- _Task brief_:
What is the count of lines below that include "Armée"? Reply with nothing else.

- _The records_:
──────────

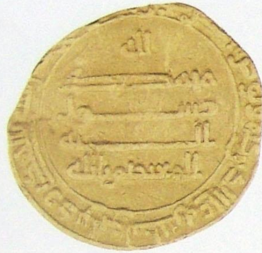
دينار عباسي المعتصم بالله ضرب: مصر سنة: ٢٢٠ هجري

Abbasids Dinar Al Moetsem Be Allah struck in Misr Year: 220 H
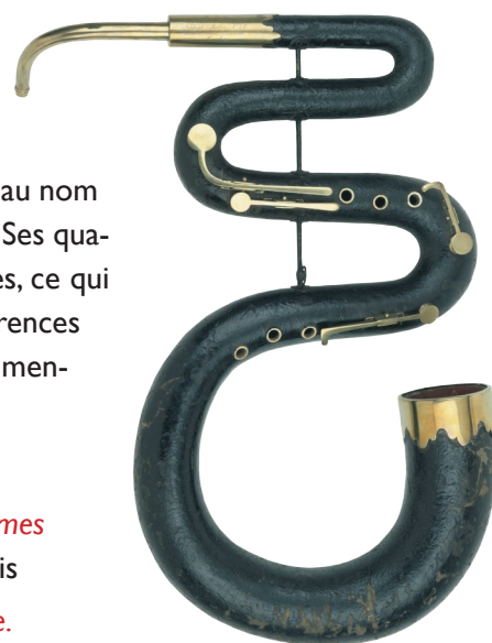
Serpent anglais appartenant au fonds instrumental et aux collections du musée de l'Armée.

Vendredi 7 octobre 12h00-13h00, Salle Turenne du musée de l'Armée - CONCERT
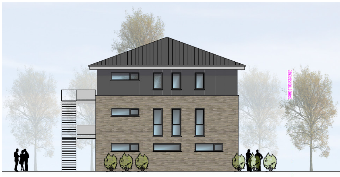
HAUS 3 ANSICHT VON NORDEN | M100
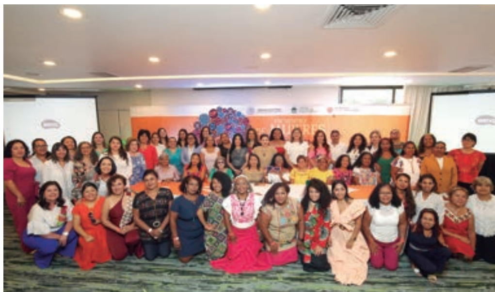
Encuentro de Mujeres Afrodescendientes Afromexicanas, 7 de mayo de 2024.

El TEPJF tuvo el objetivo de conducir a la reflexión para dar paso a la acción respecto a la promoción del acceso a la justicia electoral, considerando el contexto de las personas para el ejercicio de los derechos político-electorales de las mujeres y los hombres en condiciones de igualdad. En el caso, focalizó su atención en las poblaciones históricamente vulneradas, como las mujeres afromexicanas y afrodescendientes.
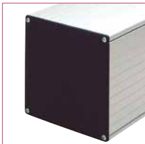
コンジットを組んだ時の端面のキャップです。
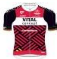
VC PAYS DE LOUDEAC
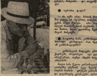
განსარდაო... 21.10, 21.10...
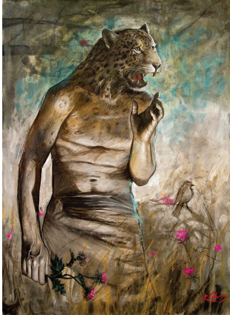
11 Flor de Cardo
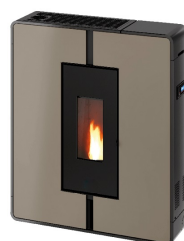
Metallo light bronze
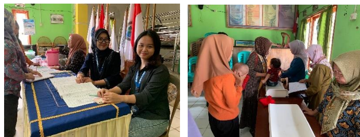
Gambar 2 9 Kegiatan Posyandu Desa Kedondong
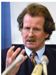
曼弗雷德·诺瓦克先生

【明慧网】联合国“酷刑问题”特派专员曼夫德·诺瓦可先生于2008年12月2日结束了他在中国的两个星期的关于酷刑问题的实地调查，于当日在北京召开新闻发布会，这是联合国以及国际社会对中国进行的第一次正式的人权与酷刑问题的实地检查。在新闻发布会上，诺瓦可先生说，酷刑问题在中国非常普遍，滥用酷刑遍及全国，中国政府应该遵循国际人权基本准则和联合国宪章。中国有着世界上最大的监狱系统，而且常常通过酷刑来迫使无辜的人认罪。
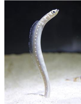
ホワイトスポッテッドガーデンイール

生物名：ホワイトスポッテッドガーデンイール 展示期間：2014年10月10日(金)～常時展示 展示場所：チンアナゴ水槽 生物紹介：東南アジアからインド洋にかけて分布し、サンゴ礁の細かい砂地に巣穴を掘り、群れを作ります。体は茶褐色で、側面に均等に白い点が並んでいます。エラ付近の大きな白い斑点が特徴。最大体長は約70cm。

──────────

- _Answer box_:
2